Most any straight bit will do. If you cut the work piece down close to the final size, a 2 flute bit will do nicely. If you don’t trim the work piece, you might need a bit that will “plunge” cut. I’m a little puzzled by the comment about your bandsaw…I’ve cut some fairly large circles on a not-so-large bandsaw using a circle jig.

-- Our village hasn't lost it's idiot, he was elected to congress.

View jerryminer's profile

jerryminer

805 posts in 1278 days


#3 posted 12-27-2016 07:15 PM

Any straight bit will work, but as mentioned, a spiral bit will cut cleaner.

I like to take an off-cut to make a sanding block of the right radius.
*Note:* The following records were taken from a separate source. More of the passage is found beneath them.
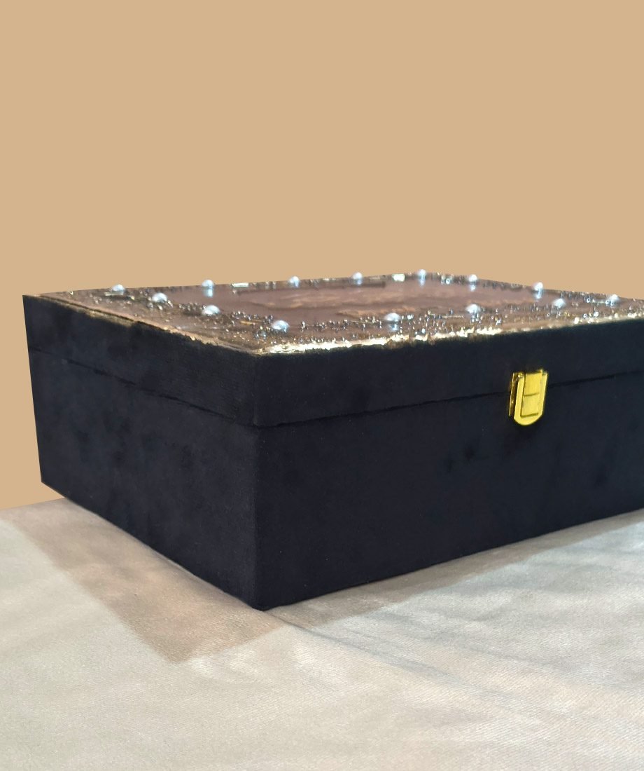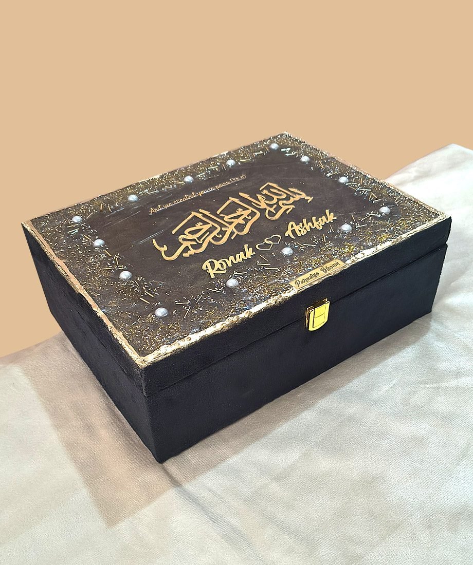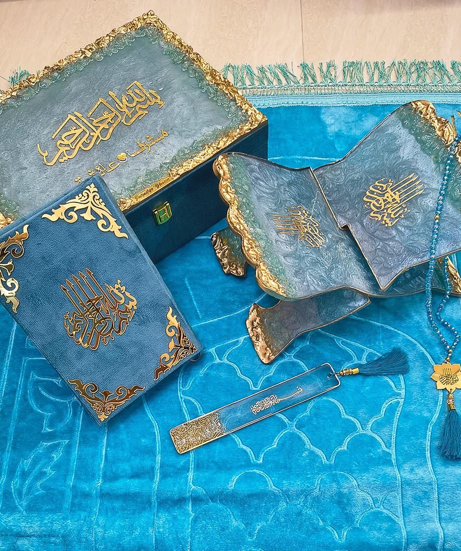 This Premium Designer Quran Box is thoughtfully handcrafted to hold your sacred items with deep care and meaning. Wrapped in rich, soft-touch fabric and crowned with a striking resin Bismillah artwork, it’s more than just a box — it’s a personal sanctuary of devotion.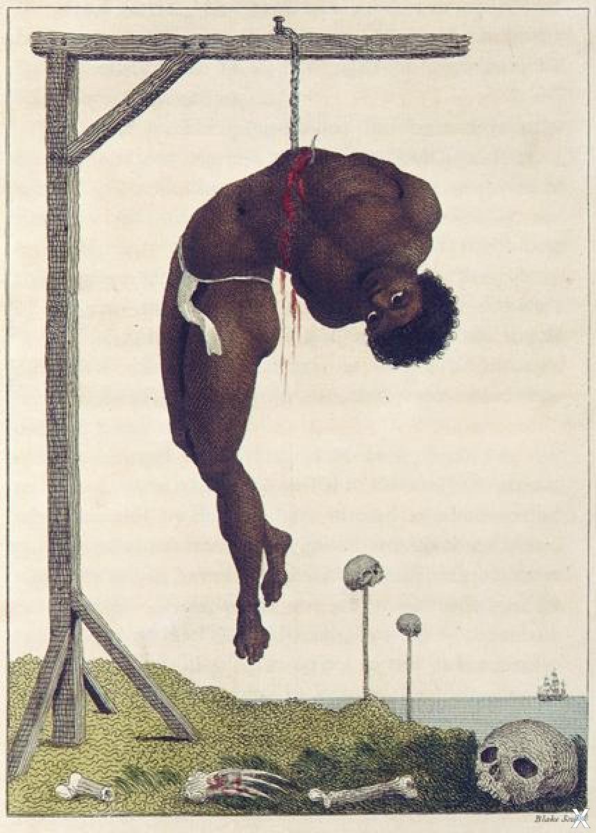Уильям Блейк. Негр, подвешенный живым за ребра на виселице, 1796 г. Великобритания. Работа основана на рассказе голландского солдата Стэдмена – очевидца подобной жестокой расправы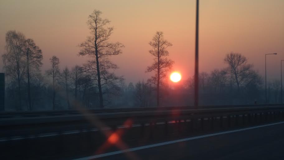 Piękny jest „wschód słońca w stadninie koni”. Ale przecież nie tak piękny jak jutrzenka nad A2 w okolicach Konina.: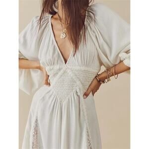 Free People Southwest Lace Maxi Dress Long Sleeve White Size Medium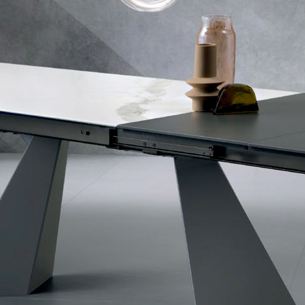 Ausziehbarer rechteckiger Tisch mit 10/11 mm dicker Glaskeramikplatte.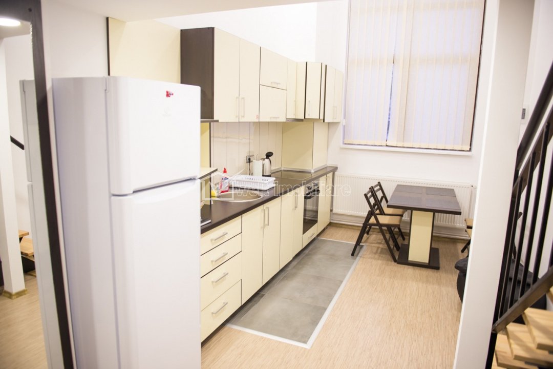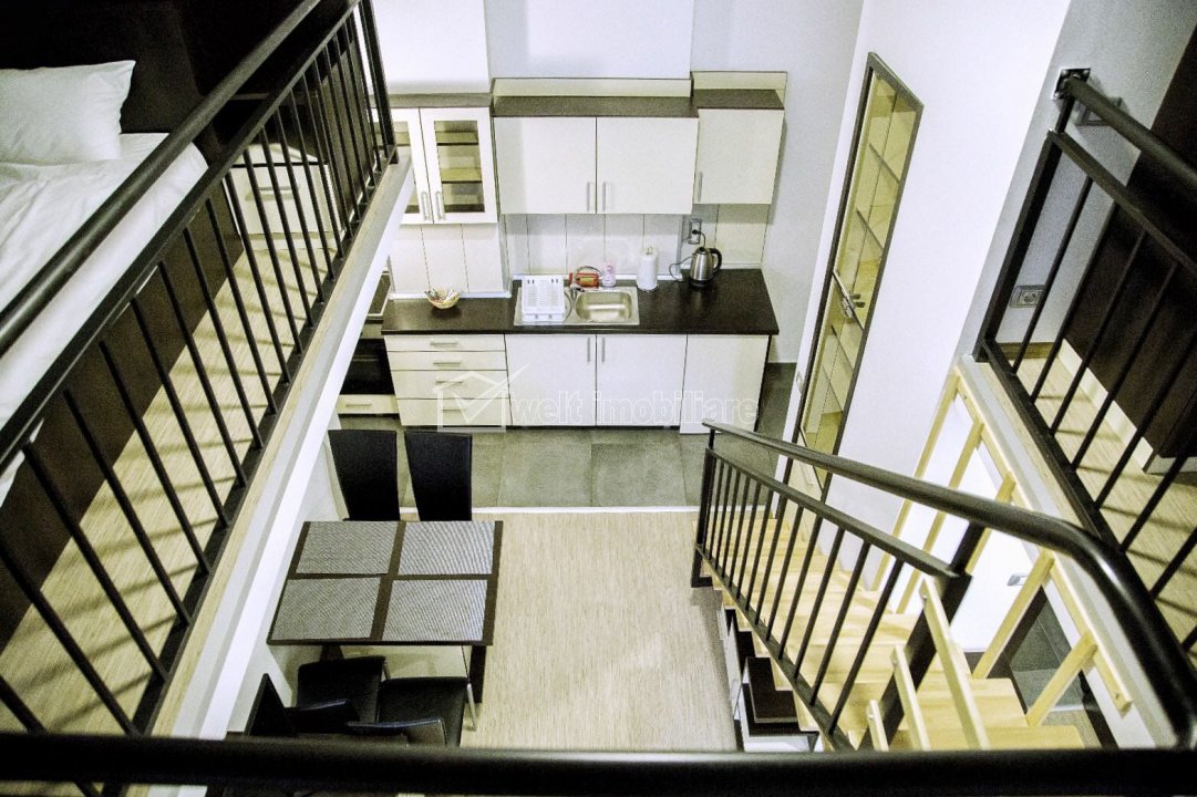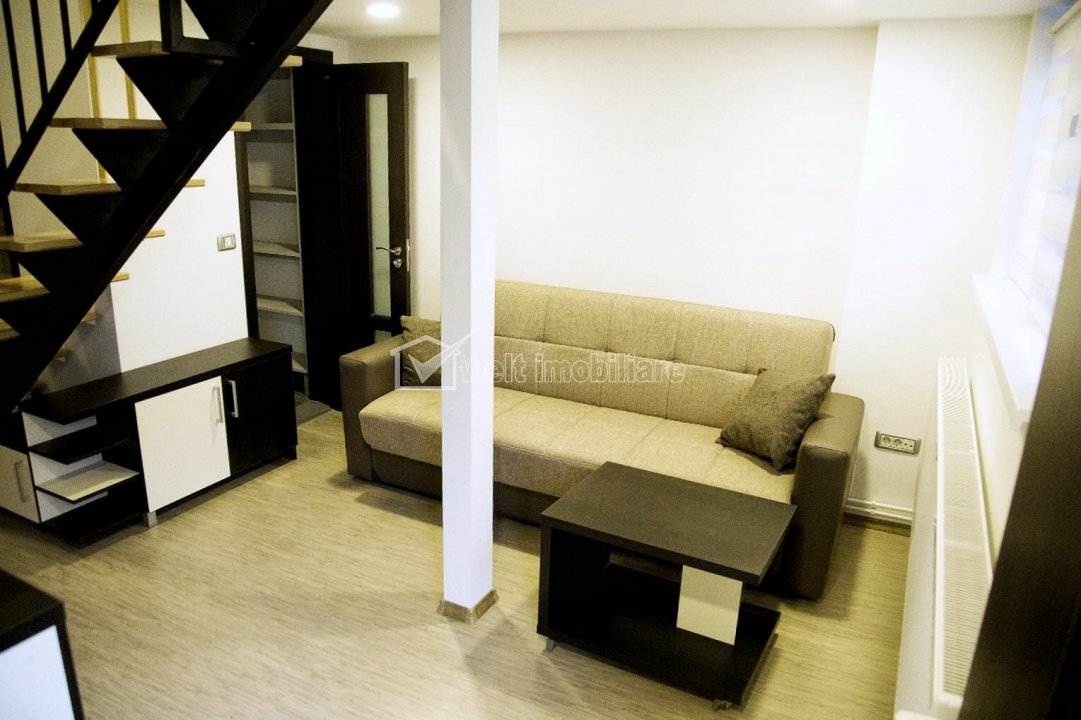Apartament cu 1 camere, dispus pe 2 niveluri, finisat, mobilat si utilat ! Cluj-Napoca, Manastur 1 camera • 40 m2 • 1 baie • etaj parter/8 • decomandatfinisat • mobilat complet pret chirie 500 €/luna + 9 + 6 Inchiriat Caracteristici Tip locuinta Apartament Tip imobil bloc de apartamente Numar camere 1 Numar bucatarii 1 Numar bai 1 Parcare nu Supr. construita 45 m2 Suprafata utila 40 m2 Compartimentare Decomandat Confort 1 Etaj parter/8 Construit cu BCA An constructie 1990 Disponibilitate imediat Descrierea Apartamentului Welt Imobiliare inchiriaza apartamente cu 1 camera, situate in Manastur, zona Calvaria, dispuse pe 2 niveluri, cu suprafete intre 25 si 40 mp utili. Apartamentele se compun din bucatarie cu zona de zi/living, iar la supanta se regaseste un pat matrimonial si dulapuri pentru depozitare. Se inchiriaza complet mobilate si utilate. Se afla la 15 minute de mers pe jos de USAMV sau Sala Sporturilor/Cluj Arena iar cea mai apropiata statie de bus/tramvai se afla la 2 minute. Pretul chiriei nu include cheltuieile curente ce se ridica la aproximativ 100 euro/luna inclusiv internet. Pentru detalii si vizionare, nu ezitati sa ne contactati. ID Proprietate - P50414 Utilitati, Finisaje Utilitati generale: Electricitate, Apa, CanalizareSistem de incalzire Centrala termica, Calorifere Finisaje: Pereti (Vopsea lavabila, Faianta), Podele (Parchet, Gresie), Ferestre cu geam termopan (PVC), Usa intrare (Metal, PVC) Dotari: Bucatarie (Mobilata, Utilata), Mobilat (Complet), Electrocasnice (Masina de spalat rufe, Frigider, Cuptor microunde, Hota) Vecinatati si puncte de interes in zona Biserica Calvaria, Parcul Babes, USAMV Amenajare strazi (Asfaltate), Iluminat stradal, Mijloace de transport in comun Numar vizualizari: 1128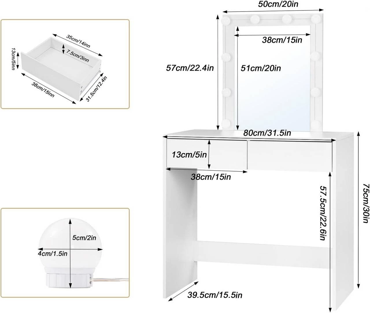 - GROSSER STAURAUM: Mit einer großen Tischplatte von 80×39.5 cm und 2 Schubladen hilft Ihnen dieser Schminktisch mit Spiegel, Ihre Pflege- und Schönheitsprodukte, Parfums und Accessoires sowie Ihren Schmuck zu organisieren und mehr Ordnung zu schaffen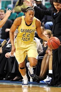 After averaging 22.3 ppg, 18.8 rpg, 8, 0 apg, and 6.4 blocks per game her senior season, being ranked the #15 high school senior in the nation by HoopGurlz.com, and the #13 by scout.com, Alex Montgomery selected Georgia Tech to continue her basketball career. At Georgia Tech, Montgomery continued her highly successful career by being named to the 2008 ACC All-Freshman team and the ACC All-Academic team, garnering ACC Rookie of the week honors twice, and ranking in the top 10 all-time in Georgia Tech history for points (335), rebounds (168), blocked shots (25), and steals (53) by a freshman. As a team co-captain her sophomore year, Montgomery was named third team All-ACC, led the team with 13.7 ppg, 6.7 rbg, and 31.1 minutes per game. As a junior, she was again named to the third team All-ACC, selected as the 2010 ACC Sixth Player of the year, and was a team co-captain for the second straight year. Montgomery finished out her senior year strong by being named State Farm Coaches' All-America Honorable Mention, the State of Georgia Women's College Player of the Year, Second Team All-ACC, and ACC All-Defensive Team. She led the Yellow Jackets to a school record 24 wins, an NCAA Tournament birth, and helped Georgia Tech win only its third tournamnet game. She led Tech in points her senior year with13.0 per game, and rebounds, with 8.6 per contest. She was second on the team with 81 assists and 73 steals. She finished out her career at Georgia Tech by being sixth on the all-time scoring list with 1, 565 points, third in three-pointers made with 237, fourth in rebounds with 837, fifth in steals with 226, and tied for second in games placed with 123. In the 2011 WNBA draft, Alex Montgomery was selected as the 10th overall pick by the New York Liberty.
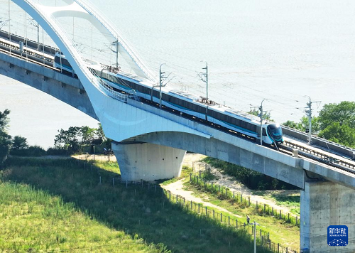 9月29日,列車駛?cè)霝I??炀€帝封江站(無人機照片)。(新華社記者 林善傳 攝)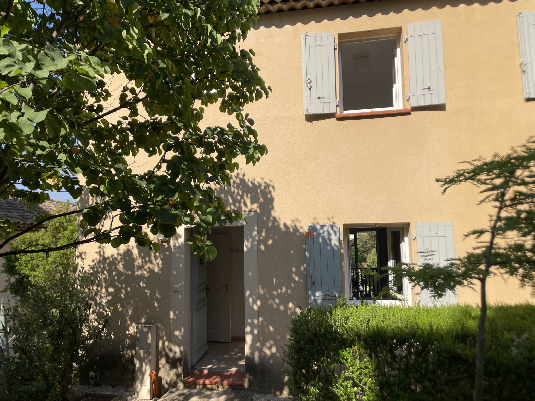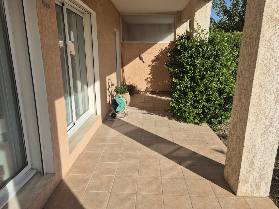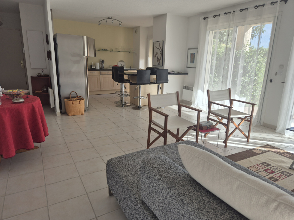 Saint Cannat, dans résidence sécurisée superbe type trois en rez de jardin comprenant une entrée avec placard, un salon avec cuisine américaine équipée, 2 chambres avec placards,une salle de bains, un w-c, une terrasse plein sud, un jardin de 200m² et deux places de parkings en sous sol.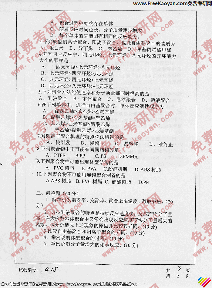 华中科技大学2006年考研真题-高分子化学(2)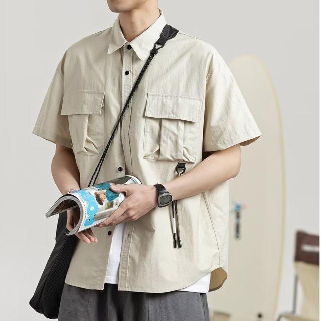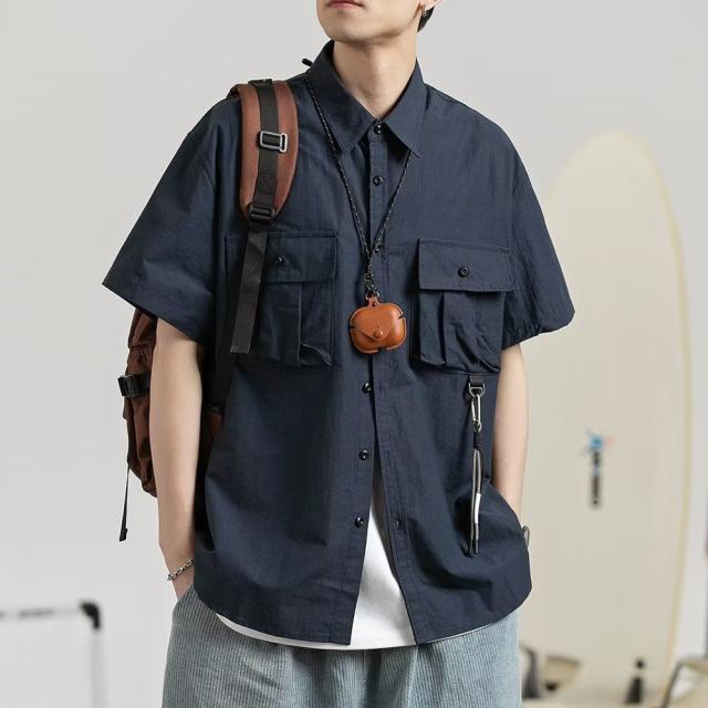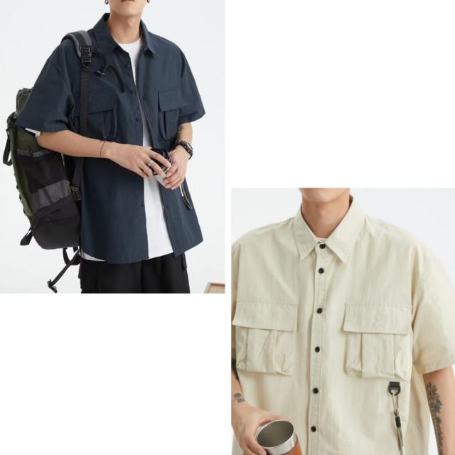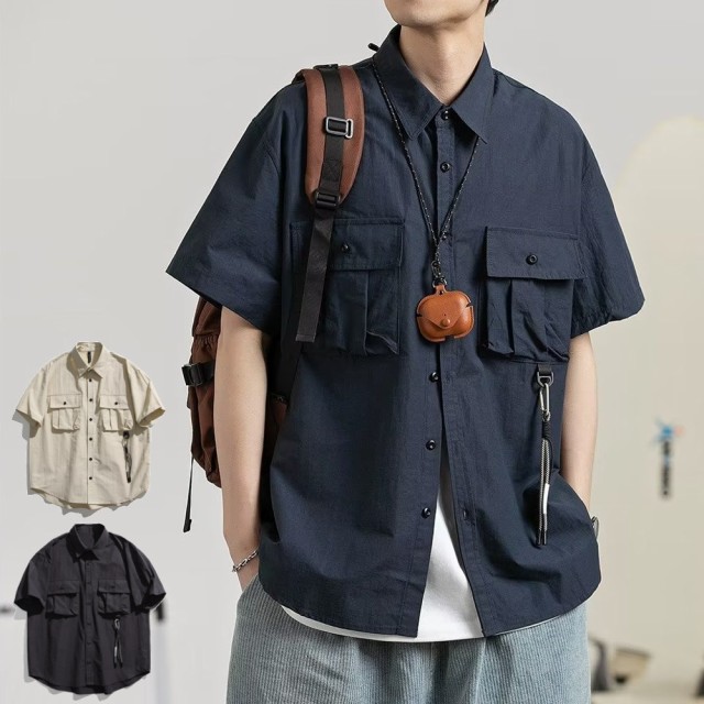 半袖 カジュアルシャツ メンズ ワークシャツ 半袖シャツ 薄い 無地 #TS322c2 胸ポケット サマーシャツ ミリタリー 大きめ トップス M便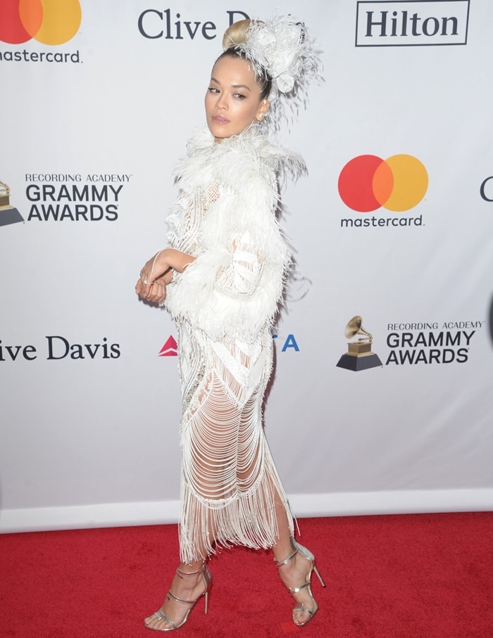 Rita Ora stuns at Clive Davis’ Pre-Grammy Gala in a beaded, feathered Zuhair Murad Fall 2017 Couture dress, complemented by a sleek updo adorned with a feathered headpiece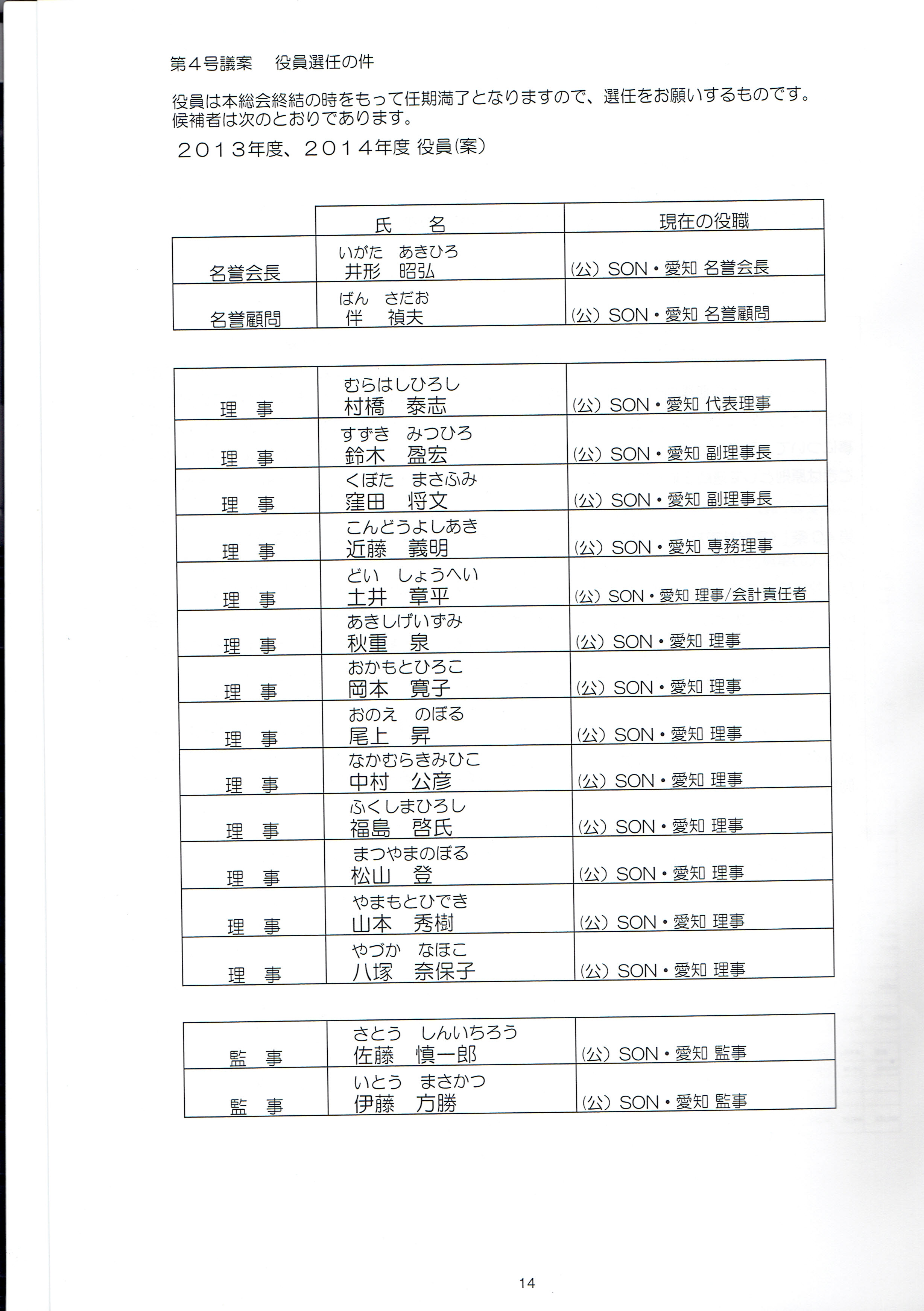 第1回水泳プログラム 開催 2000 第1回サッカープログラム 開催 スペシャルオリンピックス日本•愛知 設立 2001 第1回ボウリングプログラム 開催 日本山岳会東海支部による登山 開催 堀田祭り 参加 第1回陸上プログラム 開催 スペシャルサンクスパーティー 2002 SO日本/夏季ナショナルゲームin東京 参加 2003 第1回スキープログラム 開催 第1回スケートプログラム 開催 第1回フロアホッケープログラム 開催 第1回バスケットボールプログラム 開催 2004 SO日本/冬季ナショナルゲームin長野 参加 トーチラン(10月~12月)セントレアライン等 2005 2005年スペシャル冬季世界大会 参加 SO東日本/バスケットボール競技会 参加 第1回フライングディスクプログラム 開催 創立5周年記念式典・祝賀会 2006 SO冬季大会メモリアル・フロアホッケー大会 参加 第1回テニスプログラム 開催 第1回ゴルフプログラム 開催 第1回ソフトボールプログラム 開催 SON夏季ナショナルゲームin熊本 参加 SON東京第1回冬季地区競技会(スケート)参加 2007 第1回名古屋グランパスエイト&SON・愛知 サッカーイベント 開催 第1回バトミントンプログラム 開催 第1回ALPs in 愛知 開催 第1回アスリートニュース発刊 2008 SO日本/冬季ナショナルゲームin 山形 参加 SON長野 夏季地区大会 参加 三重陸上競技会 参加 2008年第1回SON東海・北信越ブロックボウリング競技会 お相撲と美味しいちゃんこ体験ツアー 開催 2009 第1回キンダーフィットネス開催 スペシャルオリンピックス日本•愛知 解散 (6月30日) 一般社団法人 スペシャルオリンピックス日本•愛知 設立(7月1日) 2010 10周年記念イベント実施(10月17日) SON/夏季ナショナルゲーム in 大阪 参加 10周年記念式典&サンクスパーティー(12月12日) 2011 公益社団法人 スペシャルオリンピックス日本・愛知 認定(9月1日) SO/夏季世界大会 in アテネ 参加 2012 SO日本/冬季ナショナルゲームin福島 参加 第2回ジョギング大会 開催 第6回SON愛知 夏季地区大会 開催 2013 第3回ジョギングフェスティバル 開催 SON・熊本 全国水泳競技大会 参加 第7回SON・愛知 夏季地区大会 開催 代表者の略歴 あゆの風法律事務所 所長弁護士、 愛知県公安委員長、日本弁護士会副会長、中京大学法科大学院 教授などを歴任 |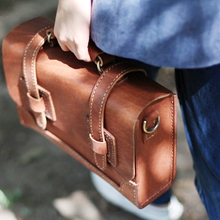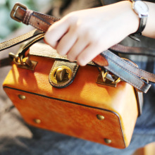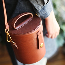 复古圆筒水桶包女包小挎包真皮斜跨包植鞣牛皮手工包学院风硬皮包

Fill in the waste area with a piece of cork of appropriate thickness. No flat spots created by sanding that way.

-- Jerry, making sawdust professionally since 1976

View OSB's profile

OSB

147 posts in 362 days


#4 posted 12-27-2016 07:51 PM

I am going to steal that sanding idea.

View jmartel's profile

jmartel

7527 posts in 1987 days


#5 posted 12-27-2016 08:27 PM

Go with a 1/2” spiral bit. Either up or down cut works. Just make sure to orient the face side away from the direction of spiral. If you have an up spiral bit, put the show side down. If you have a down spiral bit, put the show side up.

If you want to cut a circle but not leave a mark in the center from the center pin, use a scrap of wood/plywood and secure it with double stick tape. Put another scrap of the same thickness under the router base, leaving the bit exposed below it. Then pivot it around the scrap in the center.

-- The quality of one's woodworking is directly related to the amount of flannel worn.

View JAAune's profile

JAAune

1769 posts in 2153 days


#6 posted 12-27-2016 11:35 PM

Be careful with the downcutters in a handheld router. They want to climb up and out of the cut. Upcut bits pull the router against the workpiece.